======== Data for this task ========
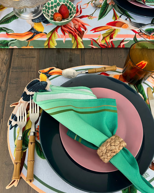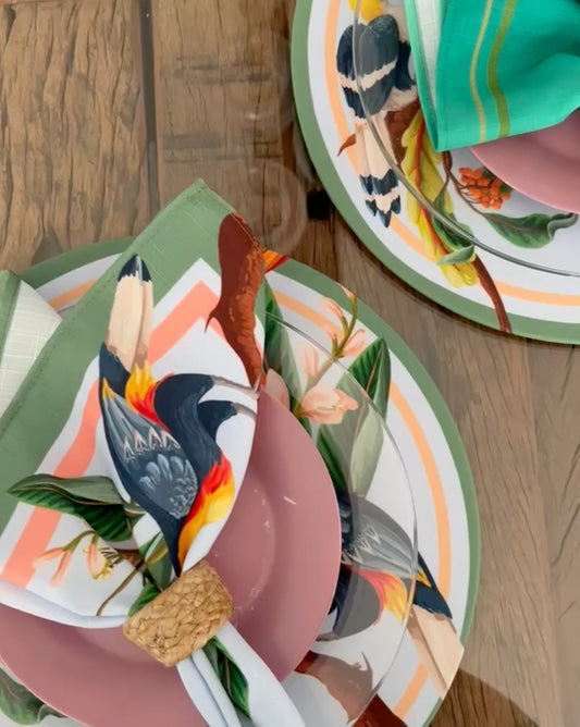 Transform your table into a captivating oasis with our Wild Fabric Charger Covers. Featuring exotic birds and vibrant flowers, these covers infuse your dining experience with untamed beauty. Meticulously crafted for durability and style, they add a touch of adventure to your table setting. Create a lively and extraordinary ambiance by "dressing up" your charger plates with our Wild Fabric Charger Covers.
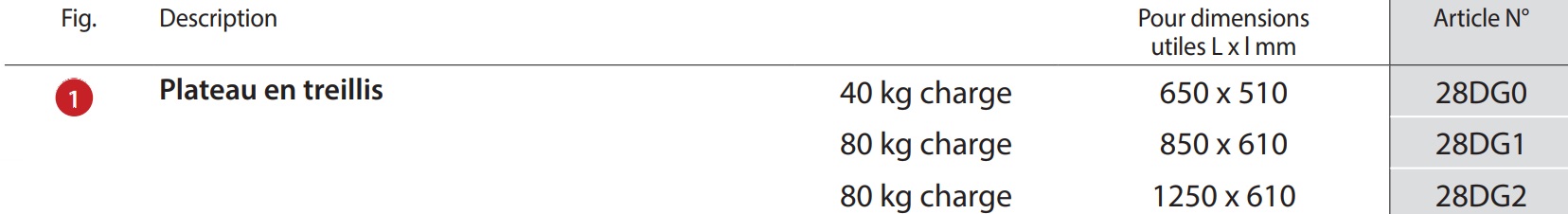 1) Plateau en treillis métallique Plateau en treillis métallique galvanisé de 120 x 30 mm. Avec rebords de 23 mm cintrés vers le haut d´un côté et vers le bas de l´autre. Réglable au pas de 100 mm soit horizontalement ou avec inclinaison. Charge 40 kg ou 80 kg
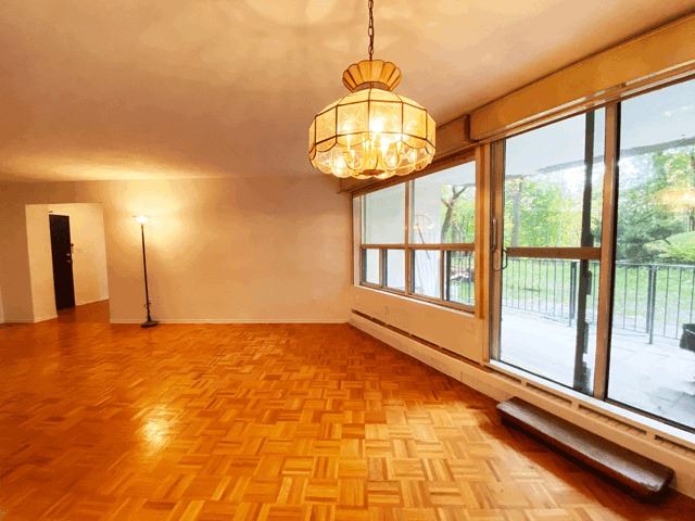 They Just Don't Build Them This Big Anymore. Massive 3 Bedroom Condo With Walk Out To Ravine. Only 4 Units In This Building Have Walk Outs To Private Terrace And Ravine As Your Backyard. 3 Large Bedrooms With Windows Facing Ravine. Combined Living/Dining Area Is Huge And Big Enough For Any Furniture Or Table Choices. 2 Entrances To Kitchen From Both Sides Of Room. Newly Painted, Parquet Floors Throughout, And Private Laundry Room Off Of Kitchen. Fridge, Dishwasher, Stove And Custom Roll Down Shutters. Gym, Indoor Pool, Party/Meeting Room, Sauna, Security Guard, Hobby Room, Visitor Parking. Building Well Maintained/New Balconies/Terraces For All Units In 2020/21.
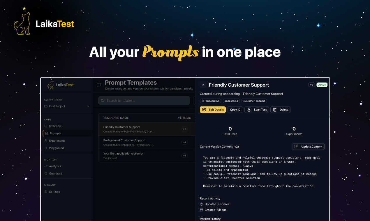 Testing framework with safety guardrails creates reliable AI deployment. Version comparison capabilities work excellently.
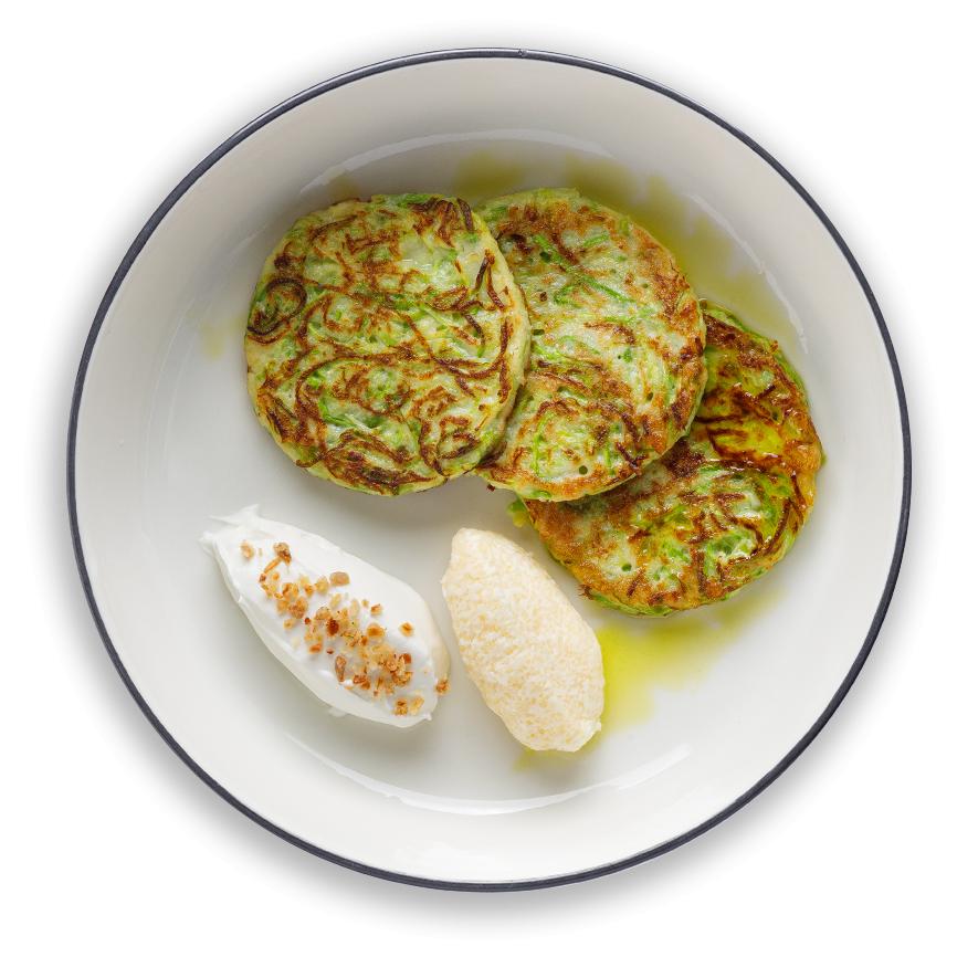 кабачки, белая икра, куриное яйцо, зелёное масло
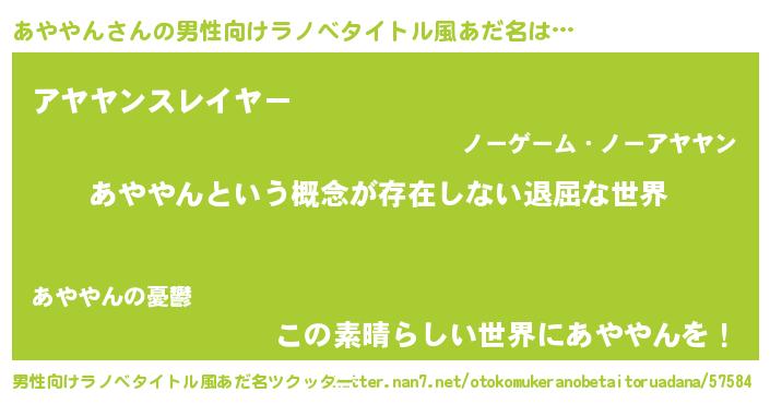 | 胡散臭い通販商品みたいなあだ名 | 『来世でも幸せになれる健康食品…その名も「あややん」』 |
========
Exercise.
Could you return exactly the lines starting with the one that contains "They Just Don't" and ending with the last line of the data above? Leave the pictures out.

Final answer.
 They Just Don't Build Them This Big Anymore. Massive 3 Bedroom Condo With Walk Out To Ravine. Only 4 Units In This Building Have Walk Outs To Private Terrace And Ravine As Your Backyard. 3 Large Bedrooms With Windows Facing Ravine. Combined Living/Dining Area Is Huge And Big Enough For Any Furniture Or Table Choices. 2 Entrances To Kitchen From Both Sides Of Room. Newly Painted, Parquet Floors Throughout, And Private Laundry Room Off Of Kitchen. Fridge, Dishwasher, Stove And Custom Roll Down Shutters. Gym, Indoor Pool, Party/Meeting Room, Sauna, Security Guard, Hobby Room, Visitor Parking. Building Well Maintained/New Balconies/Terraces For All Units In 2020/21.
 Testing framework with safety guardrails creates reliable AI deployment. Version comparison capabilities work excellently.
 кабачки, белая икра, куриное яйцо, зелёное масло
 | 胡散臭い通販商品みたいなあだ名 | 『来世でも幸せになれる健康食品…その名も「あややん」』 |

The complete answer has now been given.